- **Problem to solve**: Retype, word for word, each line between the lines holding "SP12 Safety Yellow Jaune Sécurité" and "Strój regionalny Kielecczynny.", inclusive, and leave the rest of the data alone.

- **Exercise inputs**:

------------

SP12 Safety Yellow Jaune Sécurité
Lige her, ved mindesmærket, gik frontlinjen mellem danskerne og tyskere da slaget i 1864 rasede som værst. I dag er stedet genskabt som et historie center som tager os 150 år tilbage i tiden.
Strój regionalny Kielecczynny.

------------

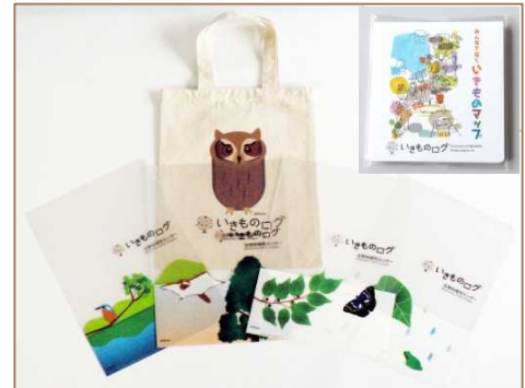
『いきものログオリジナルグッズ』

------------

- **Answer to this exercise**:
SP12 Safety Yellow Jaune Sécurité
Lige her, ved mindesmærket, gik frontlinjen mellem danskerne og tyskere da slaget i 1864 rasede som værst. I dag er stedet genskabt som et historie center som tager os 150 år tilbage i tiden.
Strój regionalny Kielecczynny.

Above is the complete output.